━━━━━ Data records ━━━━━
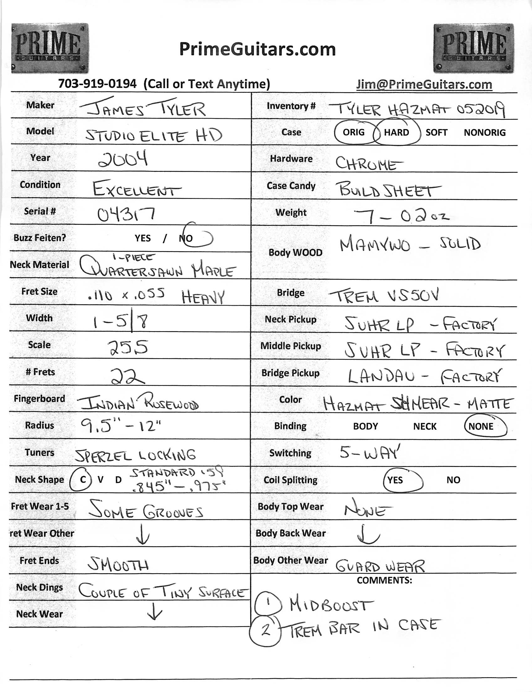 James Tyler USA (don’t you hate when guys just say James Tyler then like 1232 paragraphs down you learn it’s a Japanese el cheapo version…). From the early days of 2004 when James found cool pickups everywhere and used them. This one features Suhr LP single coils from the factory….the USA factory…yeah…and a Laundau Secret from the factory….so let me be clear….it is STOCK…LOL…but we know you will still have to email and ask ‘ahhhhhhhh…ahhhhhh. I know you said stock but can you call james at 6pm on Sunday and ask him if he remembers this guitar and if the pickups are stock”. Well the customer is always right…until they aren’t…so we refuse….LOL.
━━━━━
━━━━━ Data records ━━━━━
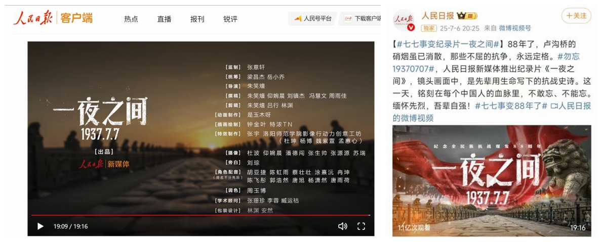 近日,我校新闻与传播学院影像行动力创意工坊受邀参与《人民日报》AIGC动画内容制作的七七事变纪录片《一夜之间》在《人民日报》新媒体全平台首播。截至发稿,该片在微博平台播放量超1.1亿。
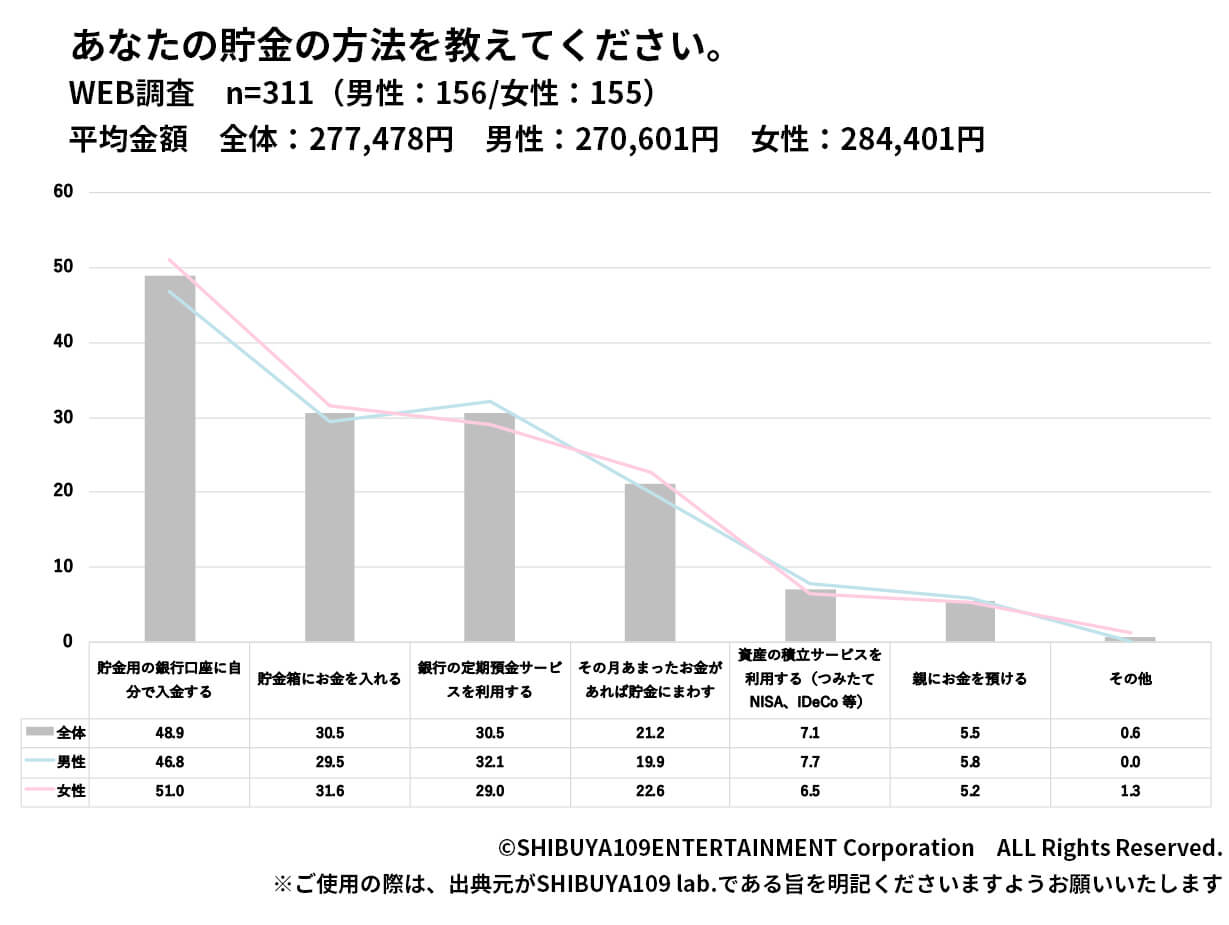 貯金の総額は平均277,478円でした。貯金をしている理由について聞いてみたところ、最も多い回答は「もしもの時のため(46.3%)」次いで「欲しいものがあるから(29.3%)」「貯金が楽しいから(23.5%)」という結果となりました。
━━━━━
━━━━━ Data records ━━━━━
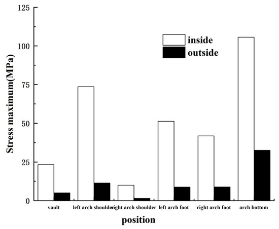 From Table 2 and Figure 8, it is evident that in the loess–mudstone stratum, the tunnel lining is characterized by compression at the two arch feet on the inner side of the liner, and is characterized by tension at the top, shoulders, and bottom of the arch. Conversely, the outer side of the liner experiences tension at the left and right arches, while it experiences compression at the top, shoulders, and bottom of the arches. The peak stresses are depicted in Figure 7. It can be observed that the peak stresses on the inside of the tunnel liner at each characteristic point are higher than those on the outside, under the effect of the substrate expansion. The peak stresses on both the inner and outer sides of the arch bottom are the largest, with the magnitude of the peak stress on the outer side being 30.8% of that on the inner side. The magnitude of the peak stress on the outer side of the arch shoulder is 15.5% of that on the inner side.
━━━━━
Exercise prompt
Your reply should hold nothing but the lines above, from the one containing "近日,我校新闻与传播学院影像" to the one containing "貯金の総額は平均277,47", reproduced exactly minus the pictures.

Response to this task
 近日,我校新闻与传播学院影像行动力创意工坊受邀参与《人民日报》AIGC动画内容制作的七七事变纪录片《一夜之间》在《人民日报》新媒体全平台首播。截至发稿,该片在微博平台播放量超1.1亿。
 貯金の総額は平均277,478円でした。貯金をしている理由について聞いてみたところ、最も多い回答は「もしもの時のため(46.3%)」次いで「欲しいものがあるから(29.3%)」「貯金が楽しいから(23.5%)」という結果となりました。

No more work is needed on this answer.